2000年から2004年までの間に高速回線によるインターネットへの常時接続サービスが一般家庭にも広く普及した。2004年には個人が世界中に向けて情報発信を行う事が可能になった事を受けて、Web2.0という概念も提唱された。2005年から2006年に掛けてYouTubeを筆頭とする動画配信サイトやTwitterfacebook等の大手SNSもサービスを開始した。これにより、2006年以降はインターネット上で非常に活発なコミュニケーションが行われるようになった。従って、遅くとも2006年にはインターネット上で巨大知が成立する条件が揃ったと考えられる。2006年以降は、都市や国家単位で得られる情報の統合処理では不可能であったような非常に高度な水準の知識が入手可能になっている。

例えば、Wikiの登場により、広範な分野の知識が共有されるようになった。また、インターネットを介して膨大な数の人間がソフトウェア開発に参加することが可能になり、従来から存在する商用製品を置き換え可能なほどに高性能なソフトウェアが無償で提供されるようになった。さらに、音楽や映画と言った芸術においても、国籍や分野を問わず他者の作品に影響を受けて新たな創作が行われる創作の連鎖が毎日のように起こり、次々と新しいアイデアが生まれ、流行の激しい変化が起きるようになった。

2010年代以降: 巨大知の発展

2010年以降は、急激に向上した計算機の性能を活かし、インターネット上に蓄積されたビッグデータの解析により様々な知識の抽出を行うことが一般化した。その知識を利用して、学術研究やビジネスを行うことが可能になった。

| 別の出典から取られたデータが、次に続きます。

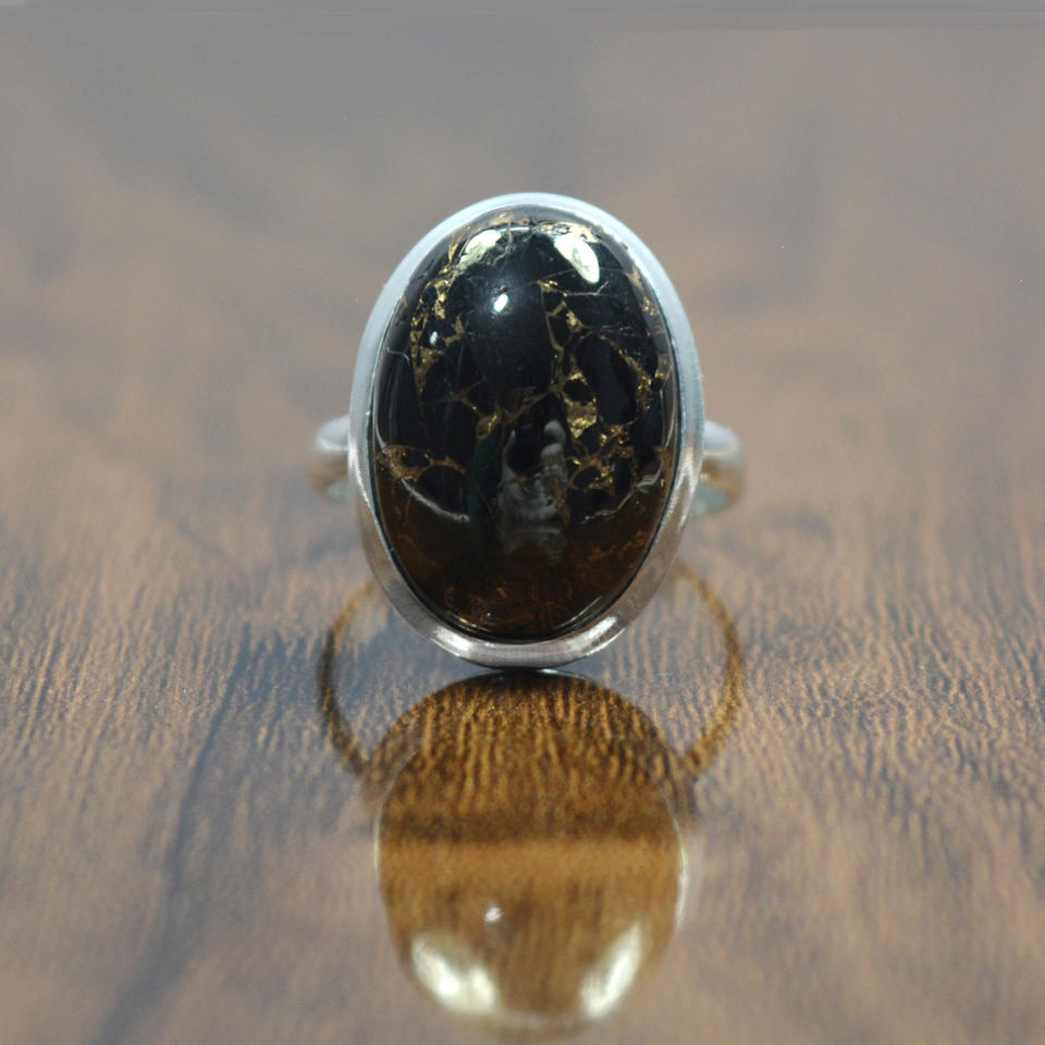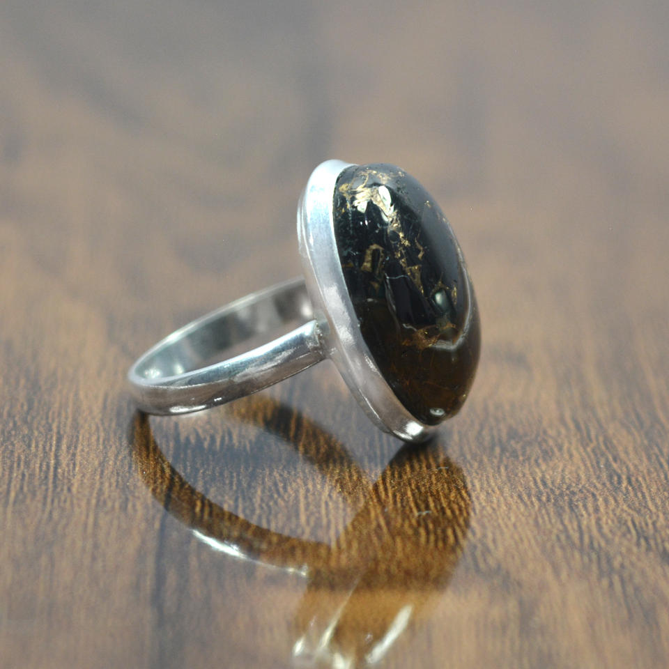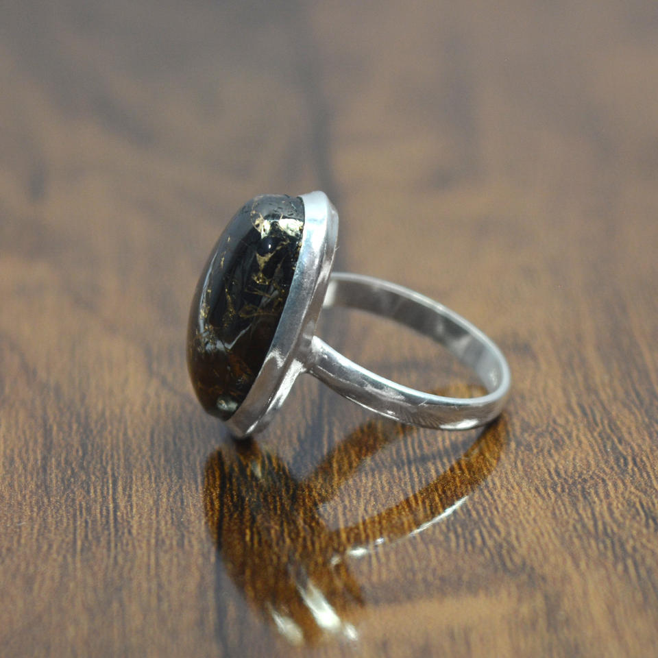 แหวนพลอย shungite สีเงินสเตอร์ลิงทำด้วยมือแหวนพลอยสีดำตัดรูปไข่925

巨大知の成立から10年程度経過した2015年以降も、インターネット上への知識の蓄積と通信技術の進歩に伴い、巨大知の更なる高度化が進行中である。2010年代中盤においてはIoTの普及が進行している。インターネットを対象とする研究者らは、今後はセンサーにより収集された実世界に関する精緻な情報をインターネット上で統合処理できるようになると予測している。

機構

批評

西垣通

2013年中公新書から出版された日本情報学者である西垣通氏が執筆した著書『集合知とは何か -ネット時代の「知」のゆくえ-』において、集合知の特性や機構に関する哲学・思想的な側面からの深い考察が行われており、集合知の無闇な礼賛が批判されている。氏は著書の中で、Googleが実行しようとしている集合知を利用して汎用人工知能を作成する試みは、日本の研究者が過去に遂行したものの実用的では無かった第五世代コンピュータの開発の試みとそれほど違わないと述べている。氏は未知の事柄について人々の間に集団的偏見がなく、あくまで中立的にランダムな判断をするという仮定が成立する場合にのみ、集合知が有効であるとの見方を示している。また、人間の思考の閉鎖性(オートポイエーシス)から生まれる自律性を考慮せず、個人を集合知から導いた結論へ無理に誘導した場合には、常に情報処理機械めいた開放システム(アロポイエーシス)のように思考を外部に開放することで他律性を強要される抑圧的な管理社会が到来すると予想している。さらに、人間の自律性を維持したまま集合知を活用するために、社会に階層構造(著書内ではHierarchical Autonomous Communication System (HACS)と呼称)を設け各階層内の閉鎖性を維持し、下位階層内の暗黙知や感性的な深層を掬い上げて上位階層に上げ、広く共有する方法を模索すべきとの提案も行っている。氏の用いる集合知という語は本記事の巨大知の概念も含んでいる。